* Exercise *
Pictures do not belong in your copy. Repeat all the other data exactly.

* Records for the task *
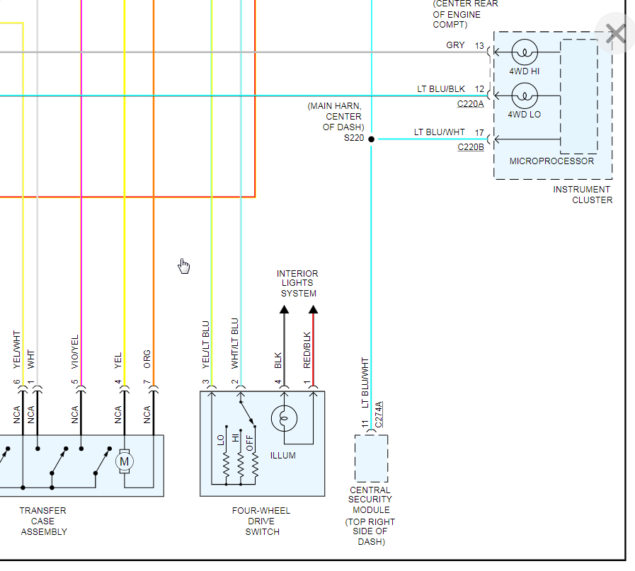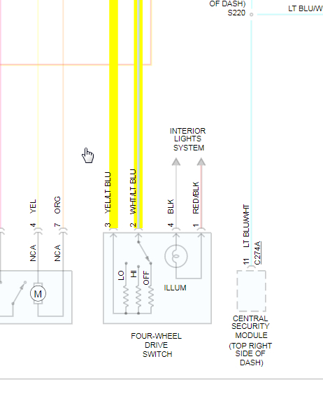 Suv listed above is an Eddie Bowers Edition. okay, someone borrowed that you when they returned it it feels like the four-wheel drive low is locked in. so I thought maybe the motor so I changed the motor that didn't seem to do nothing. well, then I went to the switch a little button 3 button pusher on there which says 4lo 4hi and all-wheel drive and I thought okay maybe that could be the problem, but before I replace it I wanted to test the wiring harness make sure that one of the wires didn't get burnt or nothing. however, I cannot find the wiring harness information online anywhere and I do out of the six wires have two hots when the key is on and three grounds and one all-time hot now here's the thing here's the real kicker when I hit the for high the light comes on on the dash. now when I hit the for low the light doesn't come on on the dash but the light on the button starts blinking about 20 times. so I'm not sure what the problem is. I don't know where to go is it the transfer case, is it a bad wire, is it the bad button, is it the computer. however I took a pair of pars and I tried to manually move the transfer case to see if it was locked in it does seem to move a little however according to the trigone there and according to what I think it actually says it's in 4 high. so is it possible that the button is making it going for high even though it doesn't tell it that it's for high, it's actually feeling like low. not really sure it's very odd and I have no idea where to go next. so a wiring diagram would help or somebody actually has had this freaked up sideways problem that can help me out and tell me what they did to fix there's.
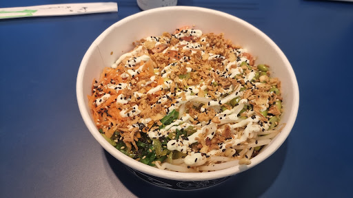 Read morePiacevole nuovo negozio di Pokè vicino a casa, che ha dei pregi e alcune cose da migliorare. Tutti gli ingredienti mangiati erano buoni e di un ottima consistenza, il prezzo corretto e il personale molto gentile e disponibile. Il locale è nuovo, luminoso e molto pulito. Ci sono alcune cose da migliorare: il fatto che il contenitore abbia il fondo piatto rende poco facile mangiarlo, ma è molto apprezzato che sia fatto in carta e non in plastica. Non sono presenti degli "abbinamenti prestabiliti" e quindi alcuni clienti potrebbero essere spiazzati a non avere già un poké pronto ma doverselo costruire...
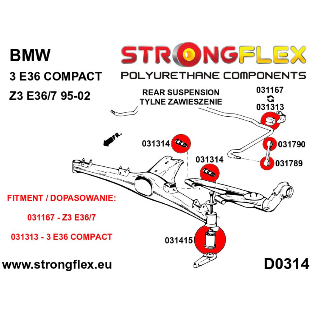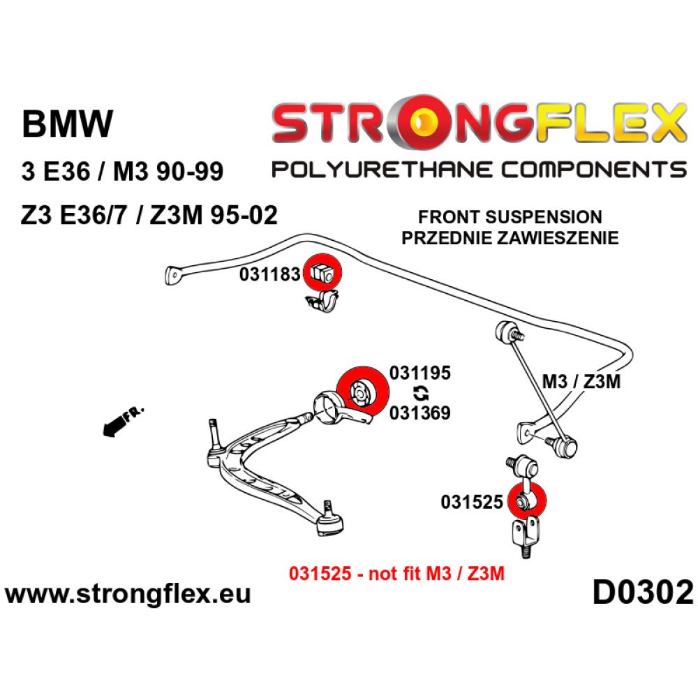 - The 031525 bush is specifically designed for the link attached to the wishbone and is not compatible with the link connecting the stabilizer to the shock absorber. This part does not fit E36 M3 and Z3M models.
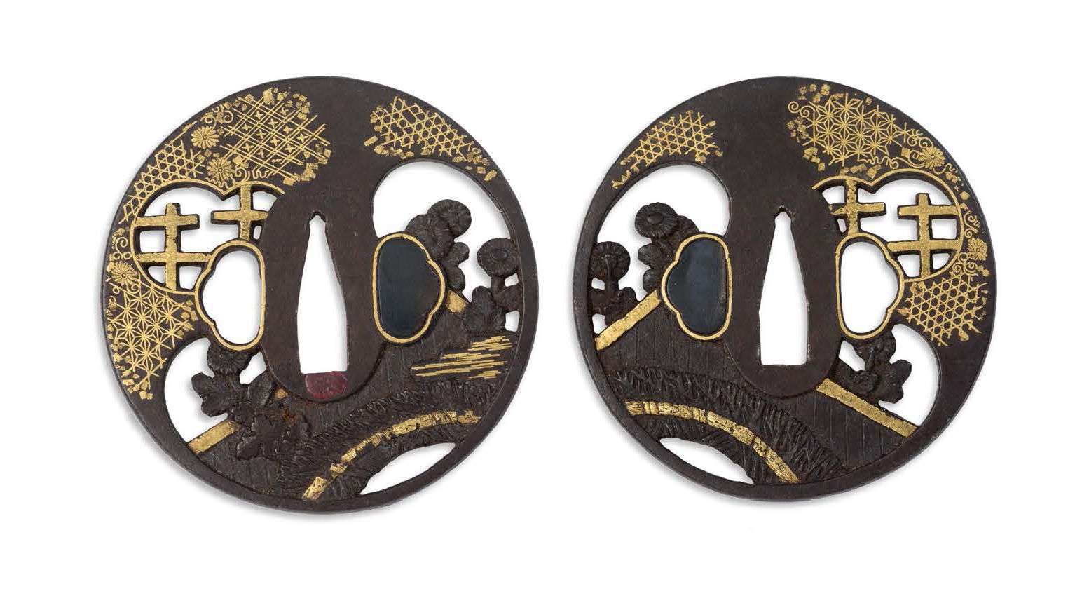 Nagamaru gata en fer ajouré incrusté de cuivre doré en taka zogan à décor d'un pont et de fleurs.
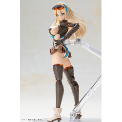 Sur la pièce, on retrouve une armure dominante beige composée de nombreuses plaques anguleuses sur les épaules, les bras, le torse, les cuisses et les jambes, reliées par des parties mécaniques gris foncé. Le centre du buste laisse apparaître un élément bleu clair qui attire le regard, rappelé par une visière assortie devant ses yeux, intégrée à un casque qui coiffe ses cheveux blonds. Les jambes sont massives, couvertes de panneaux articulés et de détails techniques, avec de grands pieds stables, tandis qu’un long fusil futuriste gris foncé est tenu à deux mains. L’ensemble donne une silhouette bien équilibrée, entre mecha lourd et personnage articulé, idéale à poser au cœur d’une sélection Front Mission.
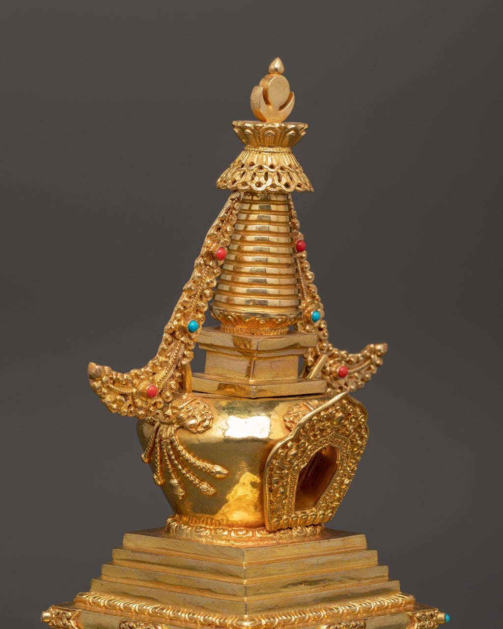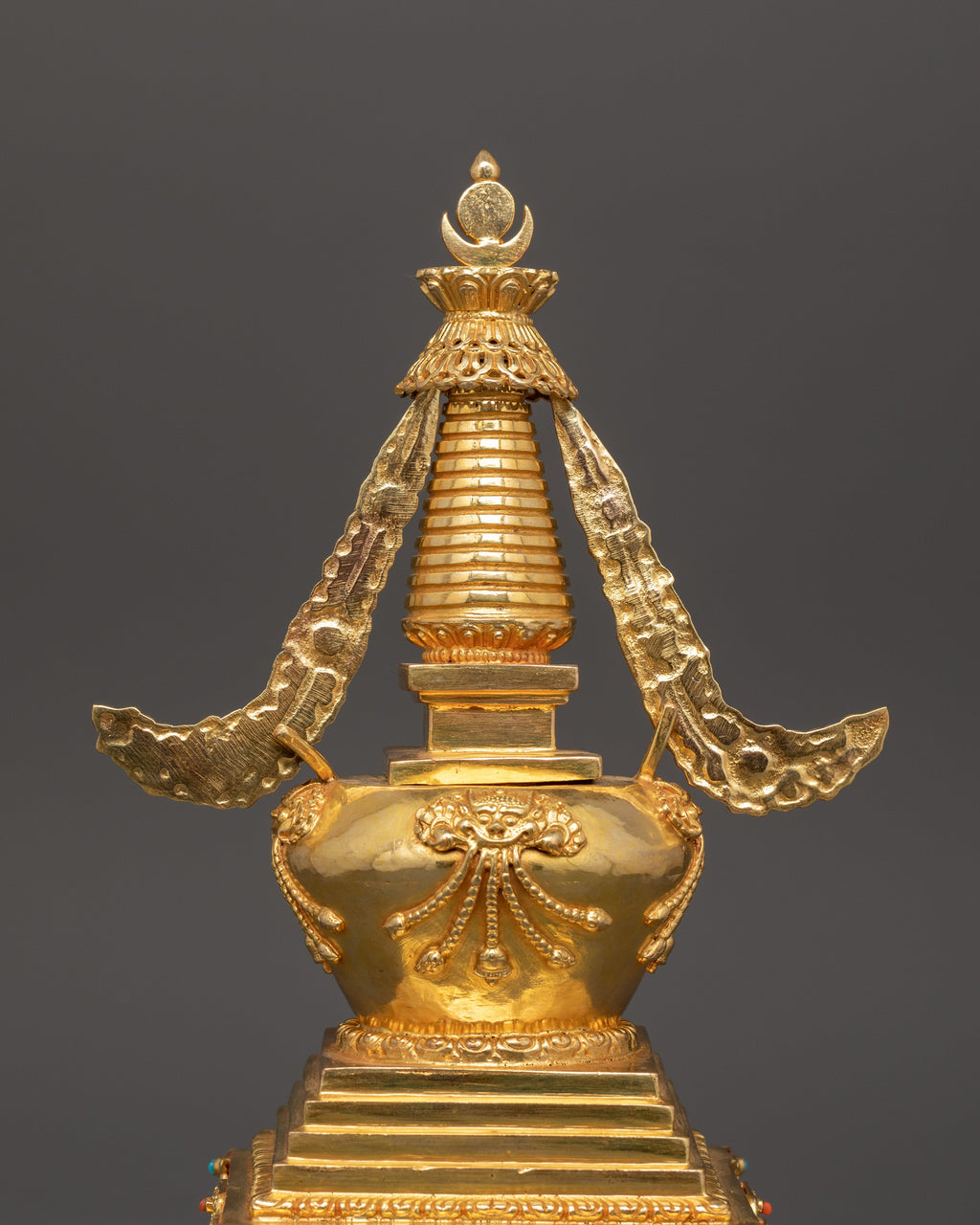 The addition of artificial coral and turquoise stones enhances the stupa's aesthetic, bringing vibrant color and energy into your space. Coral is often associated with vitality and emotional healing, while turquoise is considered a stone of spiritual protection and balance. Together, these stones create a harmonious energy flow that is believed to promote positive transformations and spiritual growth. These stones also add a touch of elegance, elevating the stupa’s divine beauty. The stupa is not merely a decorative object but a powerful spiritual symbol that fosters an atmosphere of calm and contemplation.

* Response below *
 Suv listed above is an Eddie Bowers Edition. okay, someone borrowed that you when they returned it it feels like the four-wheel drive low is locked in. so I thought maybe the motor so I changed the motor that didn't seem to do nothing. well, then I went to the switch a little button 3 button pusher on there which says 4lo 4hi and all-wheel drive and I thought okay maybe that could be the problem, but before I replace it I wanted to test the wiring harness make sure that one of the wires didn't get burnt or nothing. however, I cannot find the wiring harness information online anywhere and I do out of the six wires have two hots when the key is on and three grounds and one all-time hot now here's the thing here's the real kicker when I hit the for high the light comes on on the dash. now when I hit the for low the light doesn't come on on the dash but the light on the button starts blinking about 20 times. so I'm not sure what the problem is. I don't know where to go is it the transfer case, is it a bad wire, is it the bad button, is it the computer. however I took a pair of pars and I tried to manually move the transfer case to see if it was locked in it does seem to move a little however according to the trigone there and according to what I think it actually says it's in 4 high. so is it possible that the button is making it going for high even though it doesn't tell it that it's for high, it's actually feeling like low. not really sure it's very odd and I have no idea where to go next. so a wiring diagram would help or somebody actually has had this freaked up sideways problem that can help me out and tell me what they did to fix there's.
 Read morePiacevole nuovo negozio di Pokè vicino a casa, che ha dei pregi e alcune cose da migliorare. Tutti gli ingredienti mangiati erano buoni e di un ottima consistenza, il prezzo corretto e il personale molto gentile e disponibile. Il locale è nuovo, luminoso e molto pulito. Ci sono alcune cose da migliorare: il fatto che il contenitore abbia il fondo piatto rende poco facile mangiarlo, ma è molto apprezzato che sia fatto in carta e non in plastica. Non sono presenti degli "abbinamenti prestabiliti" e quindi alcuni clienti potrebbero essere spiazzati a non avere già un poké pronto ma doverselo costruire...
 - The 031525 bush is specifically designed for the link attached to the wishbone and is not compatible with the link connecting the stabilizer to the shock absorber. This part does not fit E36 M3 and Z3M models.
 Nagamaru gata en fer ajouré incrusté de cuivre doré en taka zogan à décor d'un pont et de fleurs.
 Sur la pièce, on retrouve une armure dominante beige composée de nombreuses plaques anguleuses sur les épaules, les bras, le torse, les cuisses et les jambes, reliées par des parties mécaniques gris foncé. Le centre du buste laisse apparaître un élément bleu clair qui attire le regard, rappelé par une visière assortie devant ses yeux, intégrée à un casque qui coiffe ses cheveux blonds. Les jambes sont massives, couvertes de panneaux articulés et de détails techniques, avec de grands pieds stables, tandis qu’un long fusil futuriste gris foncé est tenu à deux mains. L’ensemble donne une silhouette bien équilibrée, entre mecha lourd et personnage articulé, idéale à poser au cœur d’une sélection Front Mission.
 The addition of artificial coral and turquoise stones enhances the stupa's aesthetic, bringing vibrant color and energy into your space. Coral is often associated with vitality and emotional healing, while turquoise is considered a stone of spiritual protection and balance. Together, these stones create a harmonious energy flow that is believed to promote positive transformations and spiritual growth. These stones also add a touch of elegance, elevating the stupa’s divine beauty. The stupa is not merely a decorative object but a powerful spiritual symbol that fosters an atmosphere of calm and contemplation.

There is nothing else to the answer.